Electric force on a charge

1. Jan 11, 2012

kraigandrews

1. The problem statement, all variables and given/known data
Q1-----Q2-----Q3; Q1=1.78E-6C;Q2=Q3=-Q1, r1=r2=1.82m
Calculate the total force on Q2. Give your answer with a positive number for a force directed to the right.

2. Relevant equations

F= kq1q2/r^2

3. The attempt at a solution
F2 = F12+F23
F12 = k(1.78E-6)(-1.78E-6)/(1.82^2)
F23 = k(-1.78E-6)(-1.78E-6)/(1.82^2)
The problem is these forces cancel and I know that they shouldn't, so I am sure is some thing I am just not seeing here.

2. Jan 11, 2012

SammyS

Staff Emeritus
F12 is attractive, so it's in what direction?
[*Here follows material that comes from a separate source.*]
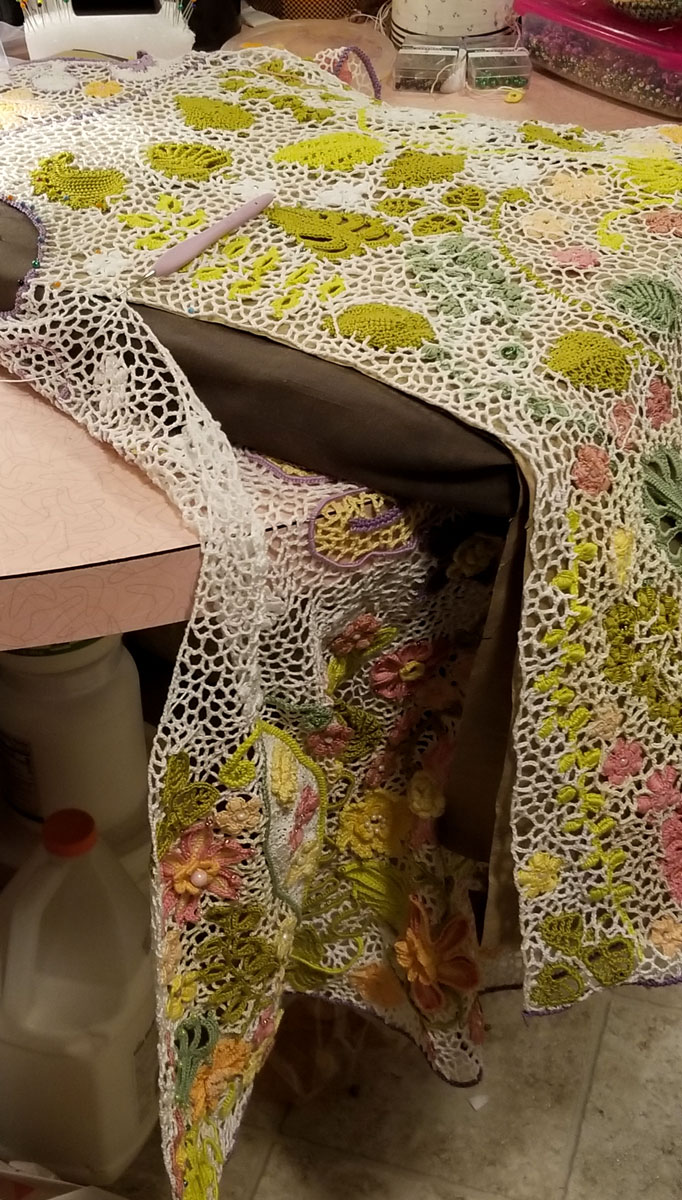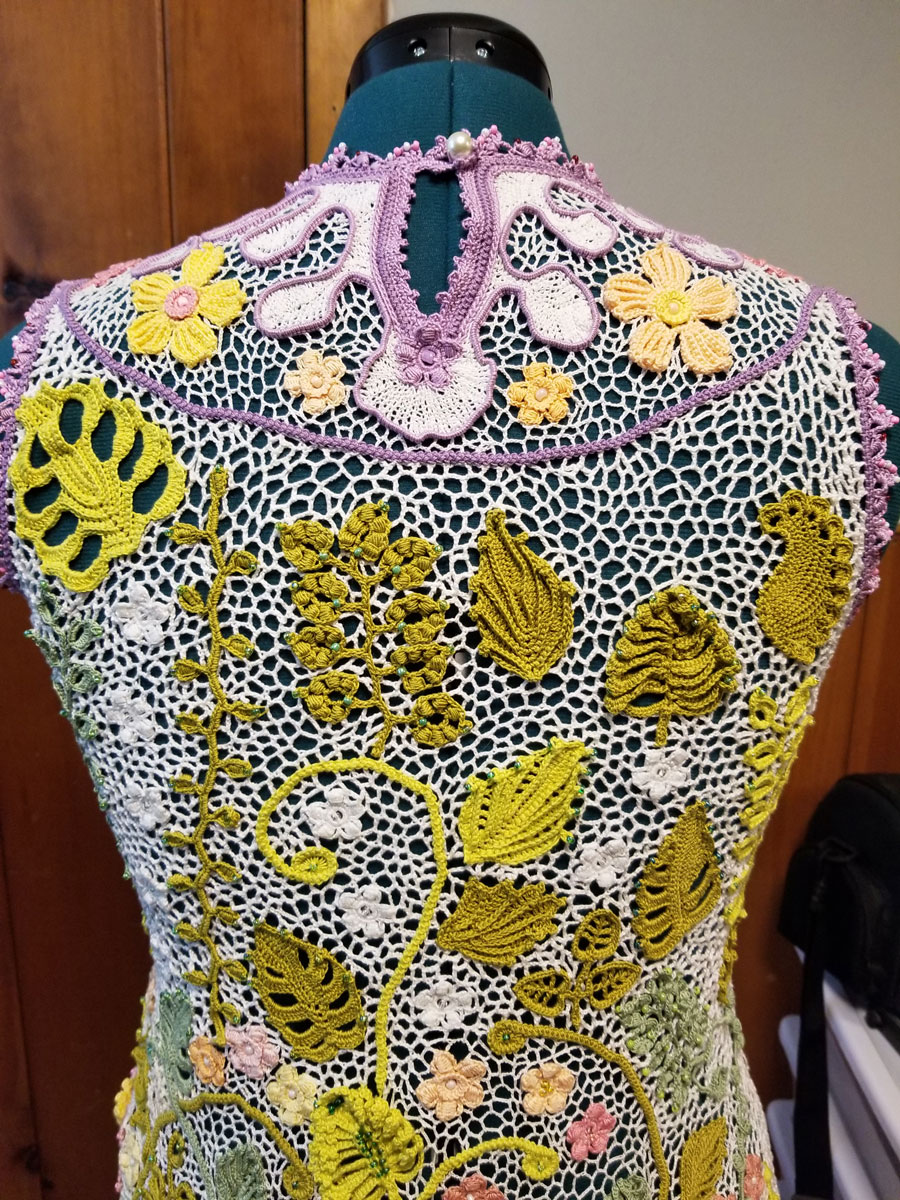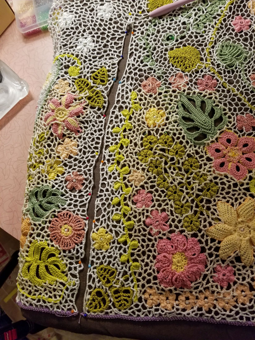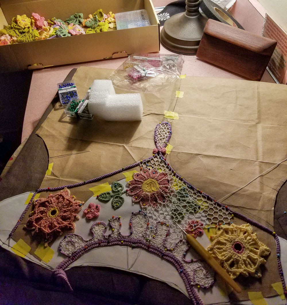 The above images show how the top section of the front side was made. The motifs were pinned facing down, so that I had a better access to the parts of them where I connect the web to. The goal is to achieve the look of web being underneath the motifs, even though it doesn’t reach in there, but at least connection points should not be readily visible. The last image shows the completed section, unpinned from the cushion, with right side up. The reason I made this dress in sections is that the cushion wasn’t very large – it consists of two rectangular pieces of packaging foam wrapped in fabric and joined together – and I didn’t want it larger, since it is easier to turn it around as I work and doesn’t require a large work area. Pinning completed section down again is needed only when it is joined with another section.

F32 is repulsive, so it's in what direction?

3. Jan 11, 2012

kraigandrews

F12 is negative so to the right and F32 is positive so it is to the right because Q2 is negative

4. Jan 12, 2012

SammyS

Staff Emeritus
Therefore, they don't cancel !

Usually right is positive.

5. Jan 12, 2012

kraigandrews

okay so then I am not sure where I am going wrong since I know that it shouldn't cancel the charges and the distances are the same for F12 and F32 so it should be 2*F12 = F2, I am not sure what I am doing wrong here this shouuld be a fairly simple problem.

6. Jan 12, 2012

SammyS

Staff Emeritus
The sign given by these two equations really only is useful in showing whether you have attraction (negative sign) or you have repulsion (positive sign).
F1,2 = k(1.78E-6)(-1.78E-6)/(1.822)

F2,3 = k(-1.78E-6)(-1.78E-6)/(1.822)​
You can't blindly add the results together.

Since each force is in the positive x direction, they are both positive and should be added together.